Pernyataan ini muncul setelah Presiden Amerika Serikat, Donald Trump, menyatakan bahwa "kekuatan besar" sedang menuju ke Iran sebagai langkah antisipatif.
Trump mengatakan bahwa banyak kapal dan armada besar AS sedang bergerak ke wilayah tersebut.
"Kami memiliki banyak kapal yang menuju ke arah itu, untuk berjaga-jaga. Kami memiliki armada besar (yang menuju) ke arah itu, dan kita akan lihat apa yang terjadi", ujar Trump.
Peringatan Keras dari Trump Soal Nuklir dan Eksekusi Massa
Trump menegaskan bahwa Amerika Serikat sedang memantau Iran "dengan sangat cermat".
Ia memperingatkan Iran agar tidak melanjutkan program nuklirnya dan menyatakan bahwa pelanggaran terhadap larangan pengembangan senjata nuklir dapat memicu tindakan militer dari AS.
" Kami memiliki armada. Kami memiliki armada besar yang menuju ke arah itu, dan mungkin kami tidak perlu menggunakannya.
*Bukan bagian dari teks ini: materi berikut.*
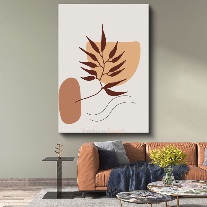 Minimal Yaprak - Geometrik Botanik Kompozisyon Kanvas Tablo

Kita lihat perkembangannya", katanya.
Washington saat ini fokus memantau aktivitas program nuklir Iran serta keberadaan para pemimpin negara tersebut.
Trump juga mengklaim bahwa Iran membatalkan rencana eksekusi terhadap para pengunjuk rasa setelah dirinya menyampaikan peringatan militer.
“Mereka akan menggantung 837 orang pada Kamis,” ujar Trump. “Saya bilang kepada mereka, ‘Kalian tidak bisa melakukan itu’”.
Gelombang protes di Iran telah berlangsung sejak 28 Desember 2025, dipicu oleh memburuknya kondisi ekonomi, anjloknya nilai mata uang nasional, dan melonjaknya inflasi.
Demonstrasi telah menyebar ke berbagai kota dan memicu bentrokan dengan aparat keamanan.
Pejabat Iran menuduh Amerika Serikat dan Israel berada di balik aksi-aksi kekerasan yang dilakukan oleh kelompok yang mereka sebut sebagai “perusuh bersenjata”.